O empresário Venilson de Oliveira Rocha foi condenado a dois anos de reclusão acusado de fazer uso documento público falsificado, crime previsto no art.304, do Código Penal. A sentença foi dada no último dia 26 de agosto, pela juíza Júnia Feitosa Bezerra Fialho, da da 4ª Vara Criminal da Comarca de Teresina.
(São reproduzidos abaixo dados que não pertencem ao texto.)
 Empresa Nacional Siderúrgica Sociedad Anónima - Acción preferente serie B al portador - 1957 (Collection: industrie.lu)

Venilson recebeu mais recebeu mais de R$ 8 milhões da Prefeitura de Teresina, no decorrer da administração do ex-prefeito Firmino Filho, entre os anos de 2013 a 2017.
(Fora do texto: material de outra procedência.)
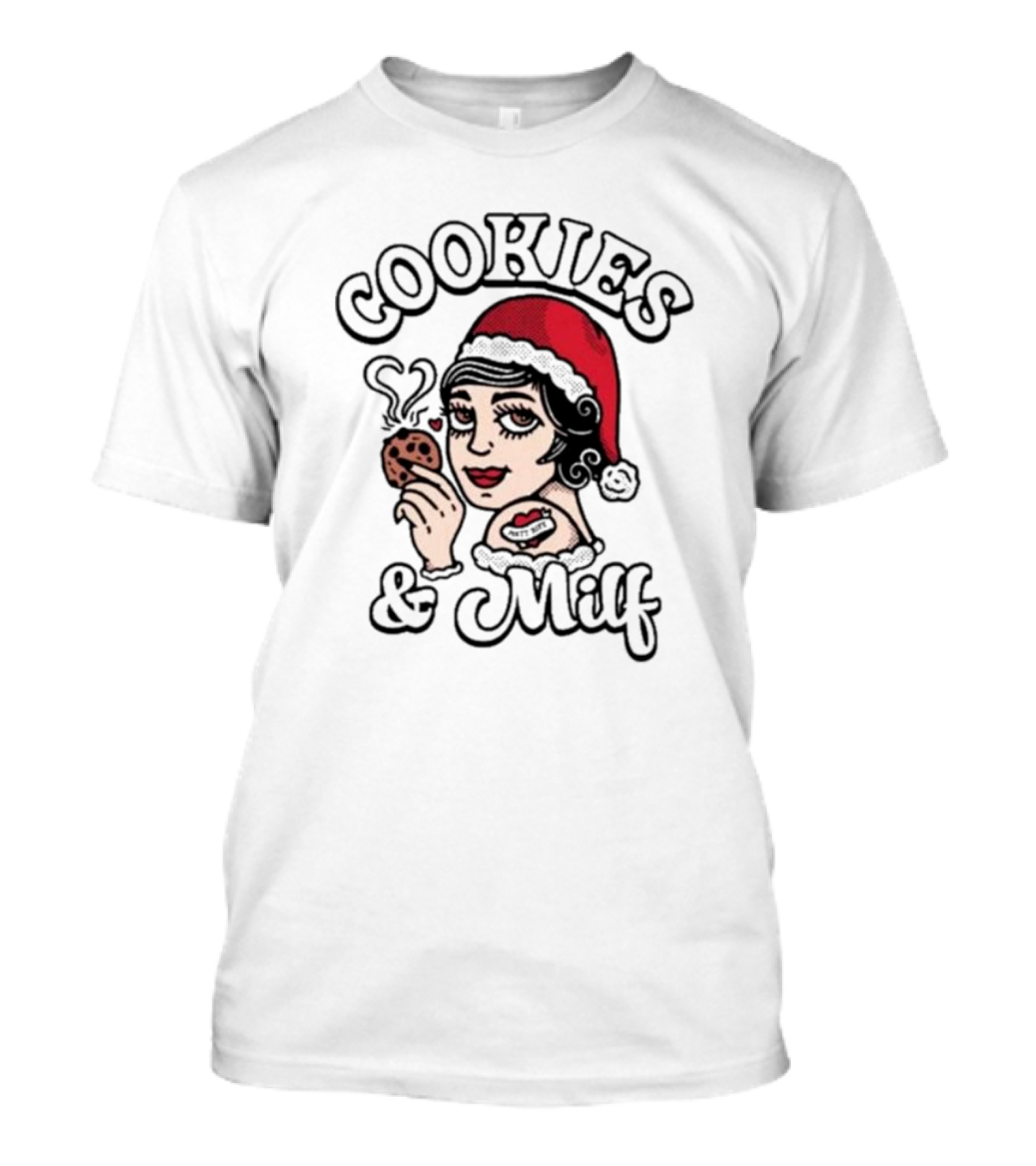 The Cookies and Milf Retro Style Santa Hat Woman with Heart and Chocolate Chip Cookie T-shirt is designed for everyday wear and a consistent fit. Fabric is pre-shrunk ring-spun cotton with durable stitching. See the size chart below for exact measurements.

A denúncia feita pelo Ministério Público aponta que o empresário participou de procedimento licitatório na modalidade Pregão Presencial SRP nº 020/2013, através da Secretaria Municipal de Administração e Recursos Humanos.


De acordo laudos dos processo foi constatado que algumas certidões apresentadas pela empresa não eram verdadeiras pois, após análise das informações junto ao Sistema Integrado de Administração Tributária do Município de Teresina – SIAT, constatou-se que as certidões conjuntas negativa e da dívida ativa do município, com códigos de controle nº 0052578/13-07 e 0001876/16-42 não foram expedidas pelo órgão competente, ou seja, tratavam-se de certidões falsas, conforme resposta da Secretaria Municipal de Finanças.


A denúncia narra que outra adulteração foi verificada quanto a certidão supostamente expedida pela Receita Federal referente aos débitos tributários federais e à dívida ativa da União.


Mais de R$ 2 milhões foram pagos após indícios de falsificação


No total, foram pagos mais de R$ 2 milhões a Venilson de Oliveira Rocha mesmo após a Controladoria Geral do Município de Teresina – CGM constatar indícios de fraude (adulteração) de certidões comprobatórias de regularidade fiscal apresentadas pela empresa no certame licitatório e em processos de pagamentos. As certidões são exigidas pela Lei 8.666/93 para que os órgãos públicos possam contratar e efetuar pagamentos a empresas.


Nos meses de outubro e novembro de 2016, o então secretário municipal de finanças, Jalisson Hidd Vasconcellos encaminhou ofícios à Receita Federal, Secretaria da Fazenda do Estado do Piauí e Ministério Público Estadual, comunicando ter detectado indícios de adulteração na Certidão Negativa de Débitos – CND da Receita Federal, Certidão de Situação Fiscal e Tributária emitida pela Secretaria de Estado da Fazenda e Certidão da Dívida Ativa do Município de Teresina, apresentadas pelo empresário nos processos de pagamentos originários de diversos órgãos da prefeitura de Teresina.


Empresário foi preso pela PF na “Operação Argentum”


O empresário foi preso pela Polícia Federal na denominada ‘Operação Argentum’, deflagrada em outubro de 2017, acusado de ter se beneficiado de licitações fraudulentas e participado de organização criminosa com o intuito de desviar recursos do precatório do Fundef na cidade de Prata do Piauí.

Somente no mês de novembro de 2017, quando o empresário permaneceu preso por quase 20 dias na Penitenciária Irmão Guido, a Prefeitura de Teresina pagou R$ 257.574,75 (duzentos e cinquenta e sete mil, quinhentos e setenta e quatro reais e setenta e cinco centavos).